Nobody doubts that irrational and transcendental numbers are unique, and cannot be expressed either arithmetically and/or algebraically. But that doesn't mean they cannot be rationally approximated using big integers.

No, you have not proven that all. That you think that you have done that is an indication that you quite frankly lack to competence to see why you are wrong. I can do no further for you until you drop your hubristic notions about disproving well-established mathematical fields which you know little to nothing about, and pick up a text book on basic set theory and actually learn something.

Look, all an irrational real number is is a very large integer with a decimal point somewhere. This may horrify you, but that's the reality. This makes a nonsense of the claim that there is an infinity of real numbers bounded between 0 and 1.

Then give me proper definitions of those two terms. In particular, how they relate to various mathematical concepts, such as Dedekind-infinite sets and their cardinalities, and limits. Otherwise, the supposed "illusions" is nothing else than your failure to grasp the relevant definitions.

Potential infinites consist of endlessly dividing something into endlessly small components. The illusion of supposing there is an actual infinity of real numbers between 0 and 0.5 is that all you are doing is taking the inverse of ever bigger integers to get such a range. Actual infinites do not exist because, if they did, it would not be possible to add to them. From your knowledge of set theory, you should know that an infinite set is a complete set.
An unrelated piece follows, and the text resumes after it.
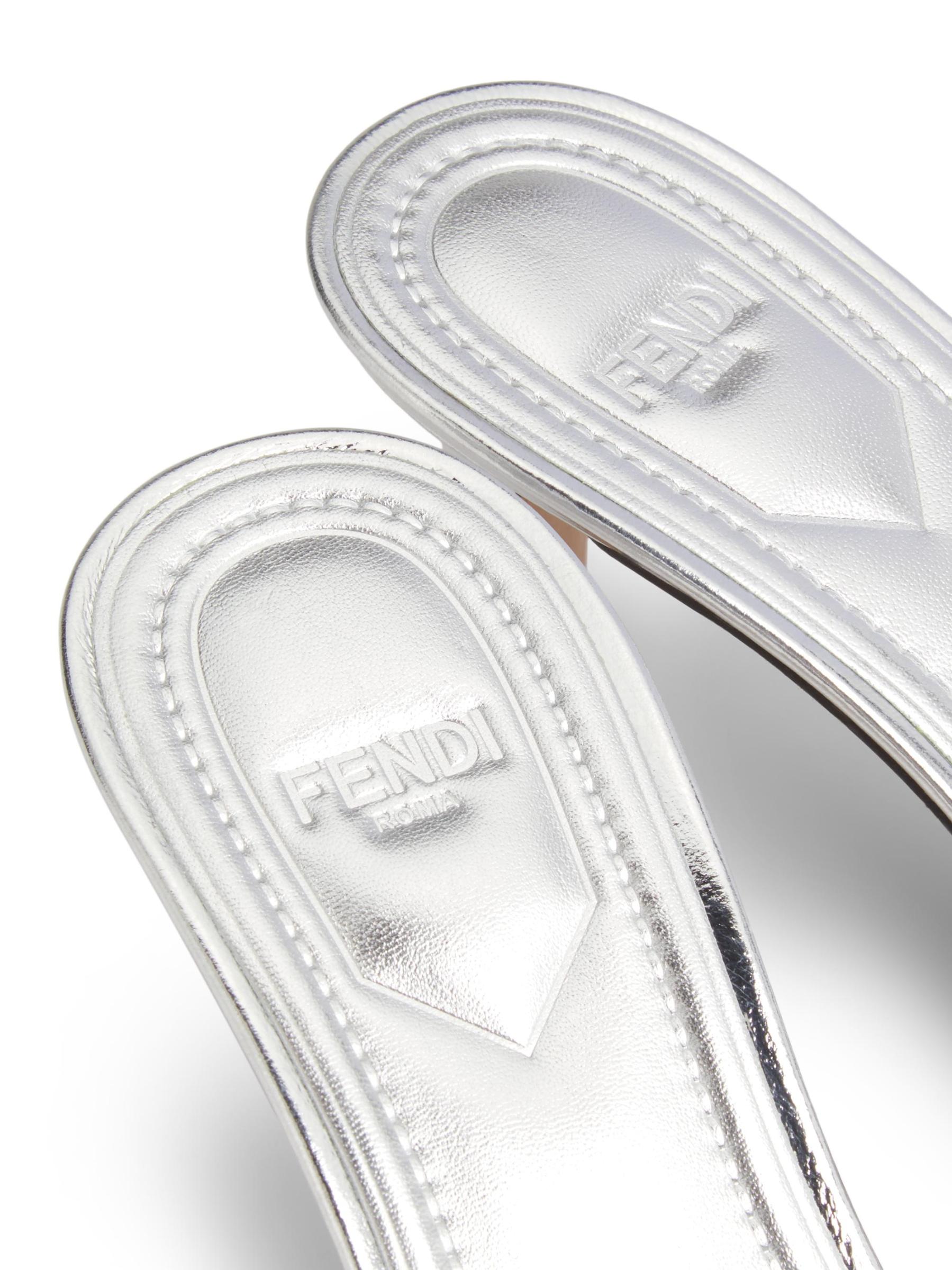 يتميز صندل Fendi Fold المصنوع من الجلد المرن بلمسة نهائية معدنية جذابة وتفاصيل الشعار الأيقوني للعلامة التجارية. تم تصميم هذا الزوج بكعب صغير لرفع لطيف.إصبع مفتوح سهل الارتداء جلد بطانة جلدية نعل جلدي صُنع في إيطاليا

You cannot add anything to a complete set.

That is indeed correct. Infinite sets doesn't need to include every possible element. The negative integers don't include all the integers, the integers don't include all the reals, the reals don't include all the complex numbers, etc. It is also quite possible to have an set that excludes specific elements, e.g. Z \ {0} (all the integers except 0), which is still a set of (countably) infinite size. More importantly, it is entirely mathematically possible for an infinite set to have an upper and/or lower bound, e.g. the negative numbers.

Not sure about that. If an infinite set does not include every possible element, it is not complete.

Since when? Every point in the past (if we model it as the negative integers) is a finite distance in the past. That means that from any point X in the past, a finite amount of time has elapsed when we reach point A, which is indeed not enough time to reach point B.

A finite distance, yes, from the present. But that only works if the present has been reached which is not possible if it takes forever - an infinite number of moments - to reach it.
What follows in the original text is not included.